The Securities and Exchange Commission announced that on September 21, 2010, it charged a Minneapolis attorney and two San Francisco-area real estate lending fund promoters with defrauding investors in a Minneapolis-based real estate lending fund by concealing the collapse of the fund's sole business partner.
The SEC's complaint, filed in federal court in Minneapolis, alleges that Todd A. Duckson, of Prior Lake, Minnesota, Michael W. Bozora, of Belvedere, California, and Timothy R. Redpath, of Mill Valley, California, raised more than $21 million from investors in the Capital Solutions Monthly Income Fund after the fund's sole business partner defaulted on its obligations to the fund. The SEC alleges that after this May 2008 default, the fund — whose sole business was to make real estate loans to a single borrower — had no meaningful income and was using new investor funds to pay existing investors.
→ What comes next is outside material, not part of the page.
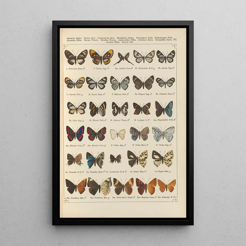 De "Papillons exotiques Pl090" af Otto Staudinger indfanger selve essensen af naturlig skønhed gennem en livlig palet og detaljerede elementer. Hvert sommerfugl, omhyggeligt gengivet, synes at komme til live på lærredet, hvilket fremkalder en atmosfære af lethed og ynde. De strålende nuancer af blå, gul og rød flettes harmonisk sammen, hvilket skaber et billede, der straks fanger opmærksomheden. Staudingers teknik, både præcis og udtryksfuld, giver mulighed for at føle skrøbeligheden og elegance af disse vingerede væsener, og inviterer betragteren til en fredelig refleksion.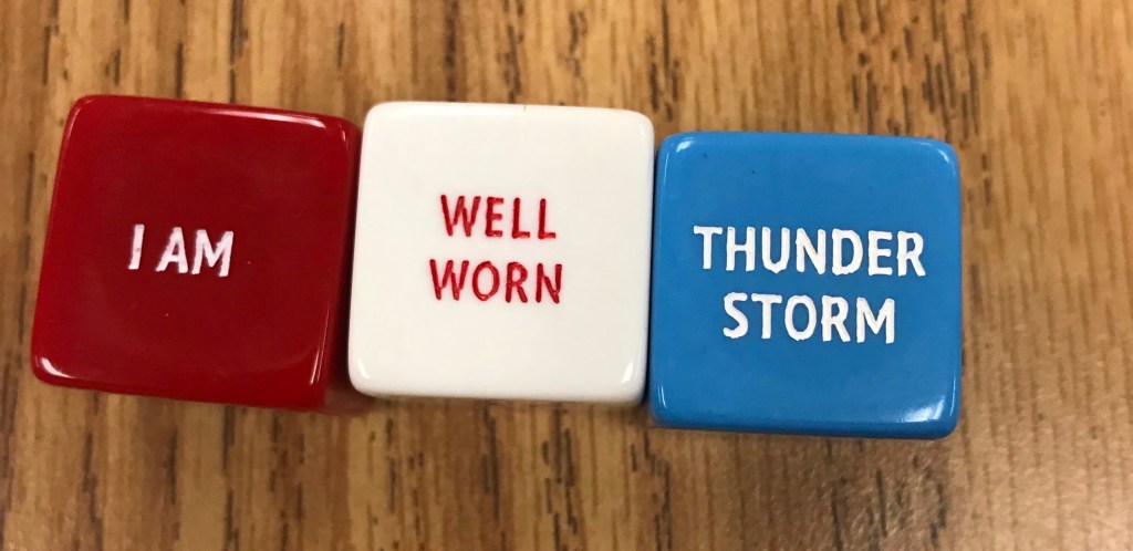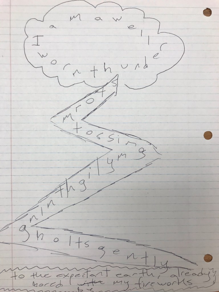 I intended this month to write a poem inspired by Taylor Mali’s metaphor dice that would be suitable for submission to The Golden Die Contest, the deadline for which is two days away. This isn’t it. This isn’t the one, neither is the earlier one I wrote this month. But I’ve been sitting on this roll for some time (I am, well worn, thunderstorm), and I was intrigued by today’s prompt at NaPoWriMo to write a concrete poem, a poem that has a shape that represents its subject matter. If you know anything about the word processing software that is part of the WordPress blog toolkit, you would know that it’s nigh impossible, outside of simply centering text, to manipulate words on the “page” into any kind of shape. So–the concrete poem, if I were to write one, would have to be done the old fashioned way–with pen and paper. I did not have time today to make it pretty–so here is the image of my sloppy composition on notebook paper, and below I will include the text of the poem, woefully, formatted in the way of a traditional poem–very unlike concrete.

According to the SEC's complaint, Bozora and Redpath launched the fund in 2004 and, through August 2009, raised approximately $74 million from approximately 450 investors from across the U.S. After the May 2008 default by the fund's sole borrower, the fund foreclosed on the borrower's real estate projects. The SEC alleges that in late 2008, Bozora and Redpath asked Duckson, who was acting as the fund's outside counsel, to take over managing the fund. The SEC alleges that Duckson then began managing the fund while Bozora and Redpath continued to raise money from new investors. The SEC alleges that Bozora, Redpath, and Duckson failed to disclose the default and foreclosure to investors for several months. The SEC alleges that Bozora, Redpath, and Duckson eventually made some disclosure of the default and foreclosure, but they minimized the impact of these events and misleadingly promoted the fund's ability to make new loans.